Быстрая замена BSF

Тема в разделе "WASM.A&O", создана пользователем Onix-Studio, 1 ноя 2006.

  1. Onix-Studio

    Onix-Studio New Member

    Публикаций:
    0
    Регистрация:
    23 окт 2006
    Сообщения:
    22
    В программе часто приходится употреблять эту инструкцию, поэтопу решил поискать в сети оптимизацию и натолкнулся на следующее:

    -----------------------------------------------------------------------------------------
    This macro utilizes an algorithm published in the news group comp.arch by Robert Harley in 1996. The algorithm converts the general problem of finding the position of the least significant set bit into a special case of counting the number of bits in a contiguous block of set bits. By computing x^(x-1), where x is the original input argument, a right-aligned contiguous group of set bits is created, whose cardinality equals the position of the least significant set bit in the original input plus 1.

    The input x is of the form (regular expression): {x}n1{0}m. x-1 has the form {x}n{0}(m+1), and x^(x-1) has the form {0}n{1}(m+1). This step is pretty similar to the one used by macro PREPBSF, only that PREPBSF creates a right-aligned group of set bits whose cardinality equals exactly the position of the least significant set bit.

    Harley's algorithm then employs a special method to count the number of bits in the right-aligned contiguous block of set bits. I am not sure upon which number theoretical argument it is founded, and it wasn't explained in the news group post.
    According to Harley, if a 32-bit number of the form 00...01...11 is multiplied by the "magic" number (7*255*255*255), then bits <31:26> of the result uniquely identify the number of set bits in that number. A 64 entry table is used to map that unique result to the bit count. Here, I have modified the table to reflect the bit position of the least significant set bit in the original argument, which is one less than the bit count of the intermediate result.

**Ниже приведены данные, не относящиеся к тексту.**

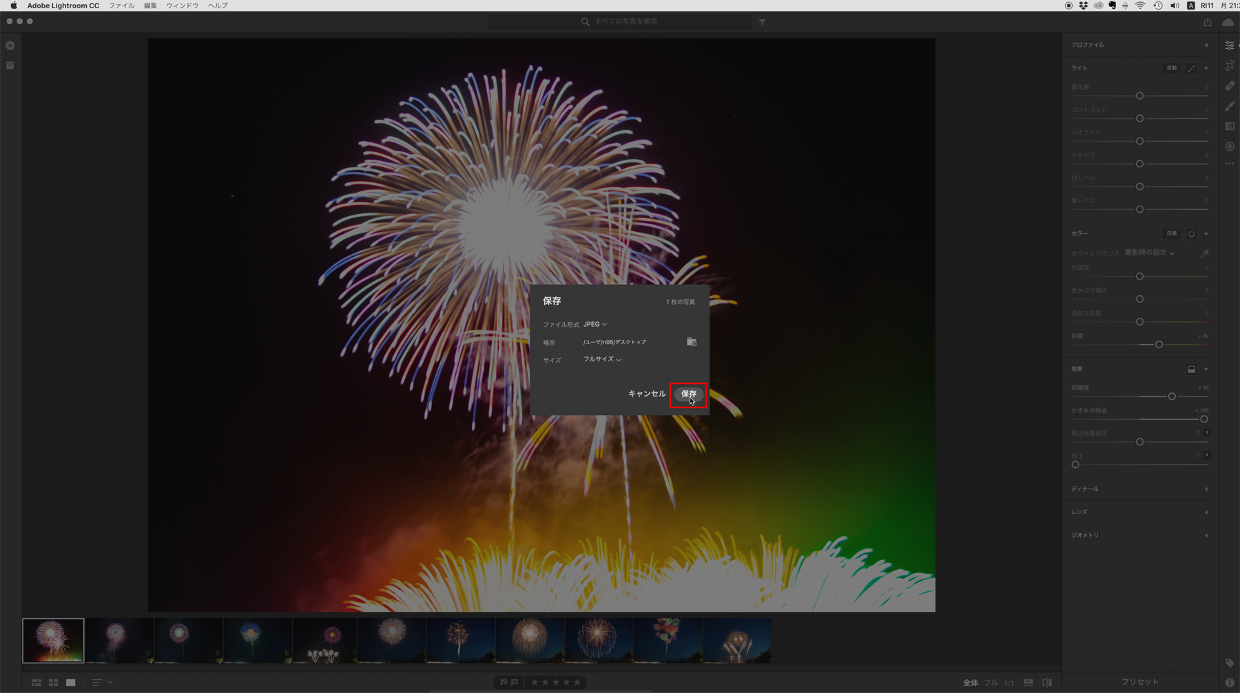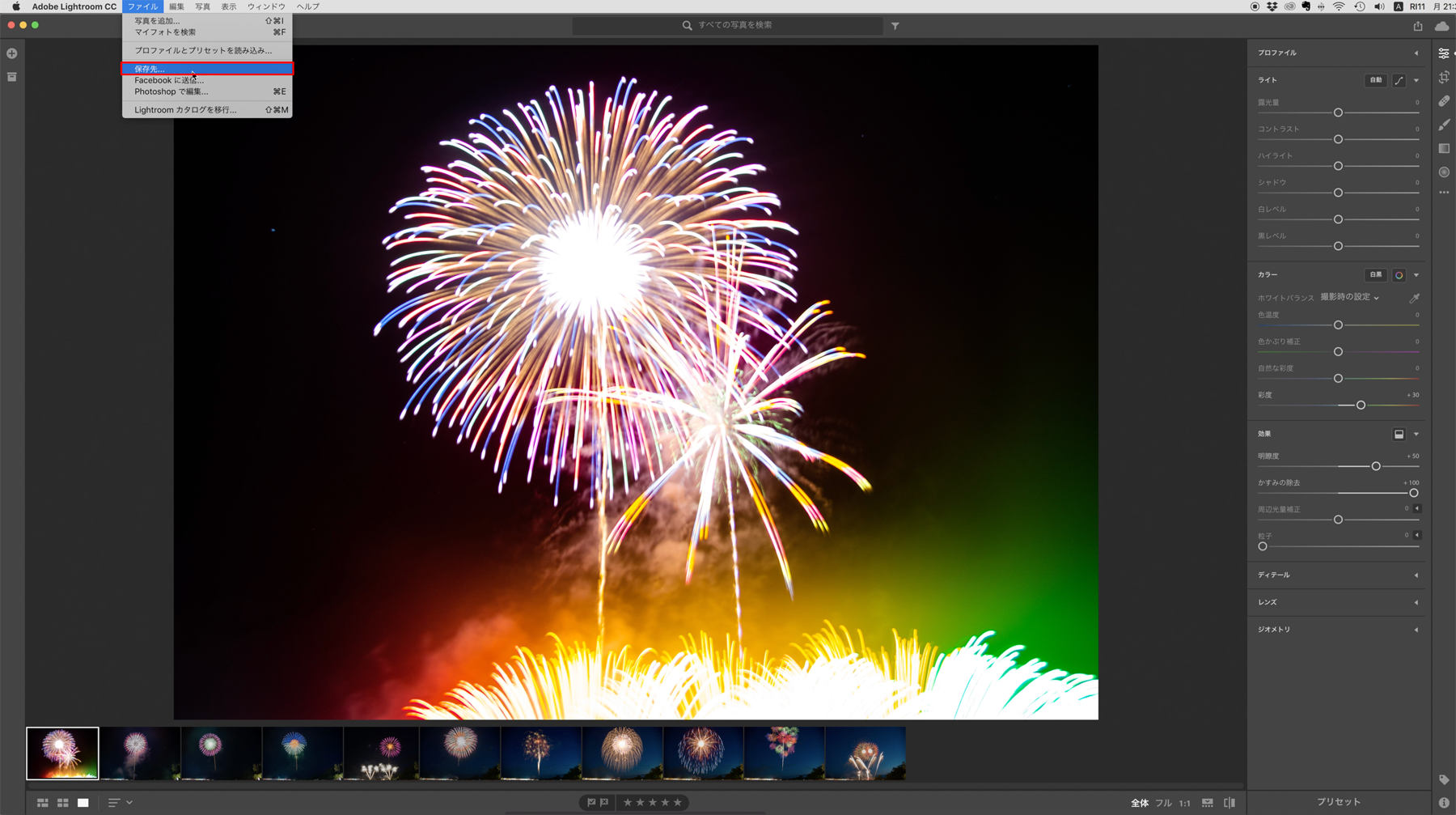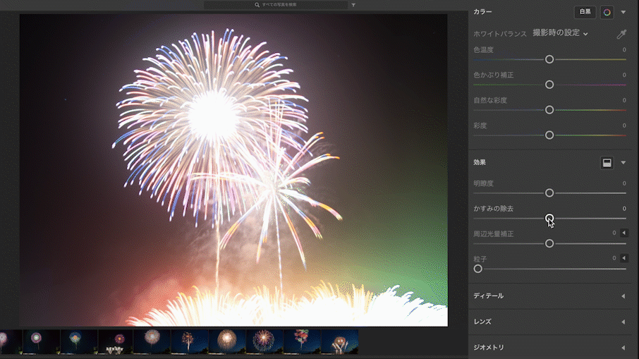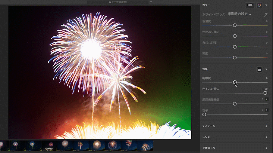まだ花火の煙のもやがかかっているので、明瞭度を調整してさらにはっきりとした写真にします。
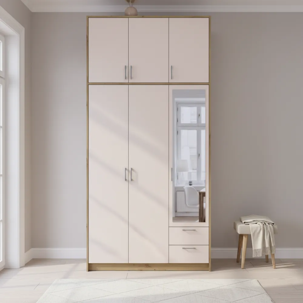 Шафа для одягу Doros Ронді з високою антресоллю та дзеркалом Дуб Артизан/Кашемір 3 ДСП 121х52х260 (42005196)
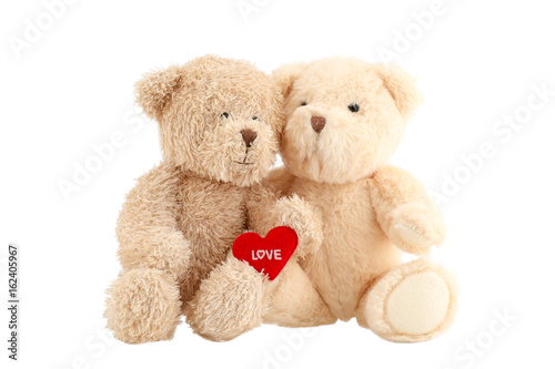 Light brown teddy bears with red heart isolated on white background. Valentine's Day.
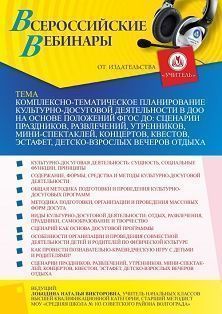 Вебинар «Комплексно-тематическое планирование культурно-досуговой деятельности в ДОО на основе положений ФГОС ДО: сценарии праздников, развлечений утренников, мини-спектаклей, концертов, квестов, эстафет, детско-взрослых вечеров отдыха»
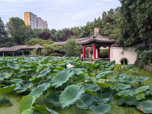 且近中秋風(fēng)景好,踱步公園,光顧人稀少,西望霽輝空瀚灝,湖光瀲滟群鵝繞。
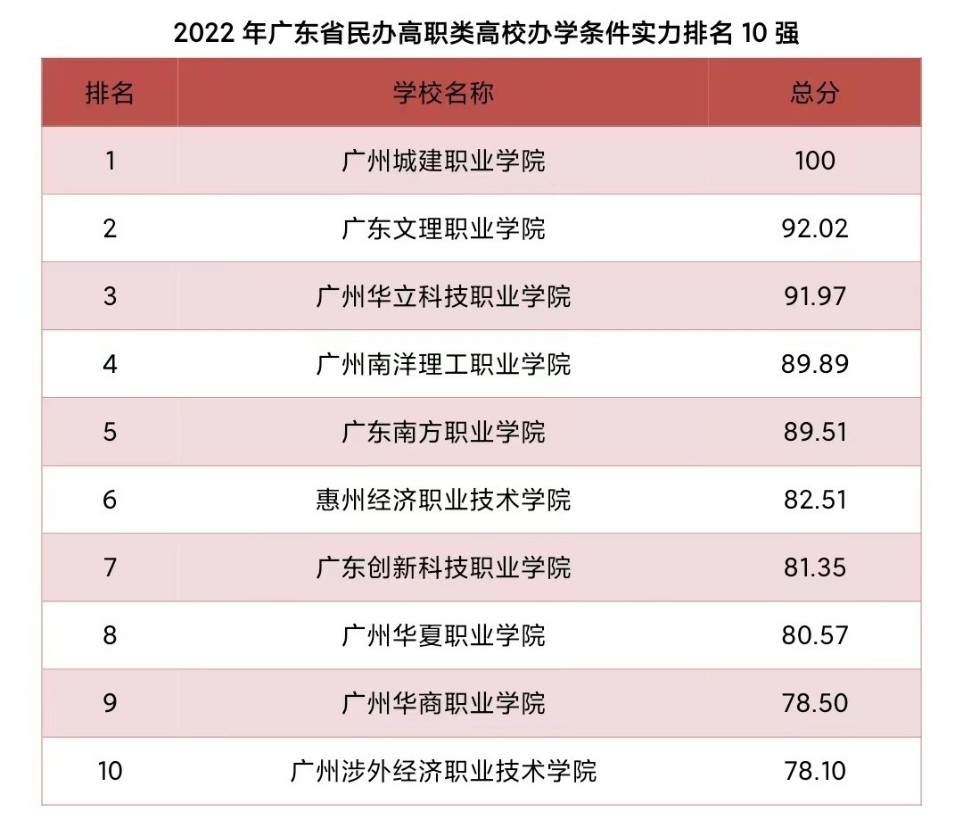 日前,广东省教育统计学会编撰发行《2022广东省民办高校办学条件实力排名及其指标》,公布2022年广东省内民办高校办学条件排名前列的院校。其中,广东文理职业学院在省民办高职类办学条件实力排名第二。
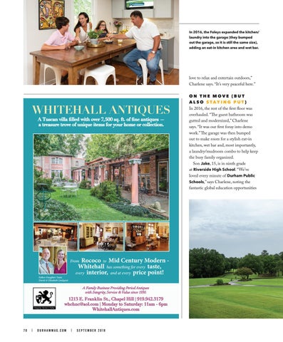 ON THE MOVE (BUT A L S O S TAY I N G P U T ) In 2016, the rest of the first floor was overhauled. “The guest bathroom was gutted and modernized,” Charlene says. “It was our first foray into demo work.” The garage was then bumped out to make room for a stylish eat-in kitchen, wet bar and, most importantly, a laundry/mudroom combo to help keep the busy family organized. Son Jake, 15, is in ninth grade at Riverside High School. “We’ve loved every minute of Durham Public Schools,” says Charlene, noting the fantastic global education opportunities
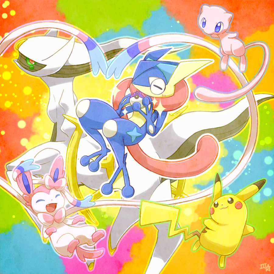 :3 =_= arceus blue_eyes closed_eyes closed_mouth colored_sclera commentary_request fang gen_1_pokemon gen_4_pokemon gen_6_pokemon green_sclera greninja holding holding_poke_ball legendary_pokemon long_tongue master_ball mew_(pokemon) mythical_pokemon nintendo open_mouth pikachu poke_ball pokemon pokemon_(creature) pokemon_focus red_eyes samsung_(yuzuikka) smile sparkle sylveon tongue very_long_tongue
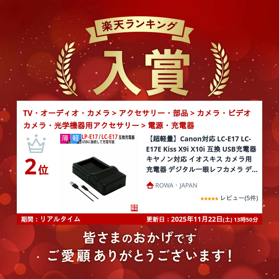 【超軽量】Canon対応 LC-E17 LC-E17E Kiss X9i X10i 互換 USB充電器 キヤノン対応 イオスキス カメラ用充電器 デジタル一眼レフカメラ デジカメ デジタルカメラ LP-E17 ロワジャパン [ランキング受賞]
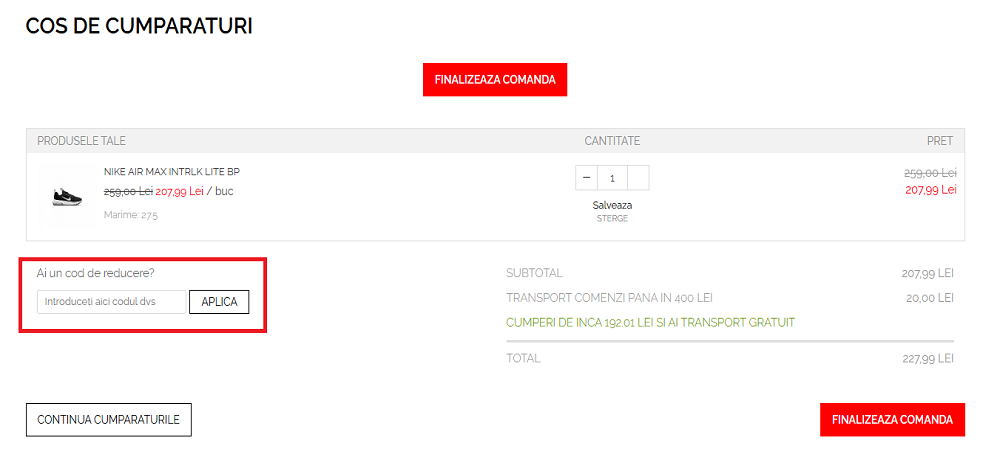 Introduceți codul de reducere în magazin.

    I have tested the macro EMBSF5 exhaustively for all 2^32-1 possible inputs, i.e. for all 32-bit numbers except zero.
    Place the following table in the data segment:
    Код (Text):
    1. table  db      0, 0, 0,15, 0, 1,28, 0,16, 0, 0, 0, 2,21,29, 0
    2.          db      0, 0,19,17,10, 0,12, 0, 0, 3, 0, 6, 0,22,30, 0
    3.          db     14, 0,27, 0, 0, 0,20, 0,18, 9,11, 0, 5, 0, 0,13
    4.          db     26, 0, 0, 8, 0, 4, 0,25, 0, 7,24, 0,23, 0,31, 0
    And here follows the actual macro:
    Код (Text):
    1. ;
    2. ; emulate bsf instruction
    3. ;
    4. ; input:
    5. ;   eax = number to preform a bsf on ( != 0 )
    6. ;
    7. ; output:
    8. ;   edx = result of bsf operation
    9. ;
    10. ; destroys:
    11. ;   ecx
    12. ;   eflags
    13. ;
    14.  
    15. MACRO   EMBSF5      
    16.  
    17.         mov     edx,eax         ; do not disturb original argument
    18.         dec     edx             ; n-1
    19.         xor     edx,eax         ; n^(n-1), now EDX = 00..01..11
    20.  
    21. IFDEF FASTMUL
    22.         imul    edx,7*255*255*255       ; multiply by Harley's magic number
    23. ELSE
    24.         mov     ecx,edx         ; do multiply using shift/add method
    25.         shl     edx,3
    26.         sub     edx,ecx
    27.         mov     ecx,edx
    28.         shl     edx,8
    29.         sub     edx,ecx
    30.         mov     ecx,edx
    31.         shl     edx,8
    32.         sub     edx,ecx
    33.         mov     ecx,edx
    34.         shl     edx,8
    35.         sub     edx,ecx
    36. ENDIF
    37.  
    38.         shr     edx,26          ; extract bits <31:26>
    39.         movzx   edx,[table+edx] ; translate into bit count - 1
    40.  
    41. ENDM
    Note: FASTMUL can be defined if your CPU has a fast integer multiplicator, like the AMD. The IMUL replacement should run in about 8-9 cycles.
    -----------------------------------------------------------------------------------------

    Но что-то не заметил особого ускорения (AMD Duron 1300). Кто-нибудь сталкивался c этой оптимизацией? Может по-другому можно?
     
  2. leo

    leo Active Member

    Публикаций:
    0
    Регистрация:
    4 авг 2004
    Сообщения:
    2.542
    Адрес:
    Russia
    Для всех современных процев (P6, P4, AMD) цепочка imul + shr + movzx r,m выполняется за то же или бОльшее время, чем bsf -> шило на мыло ;)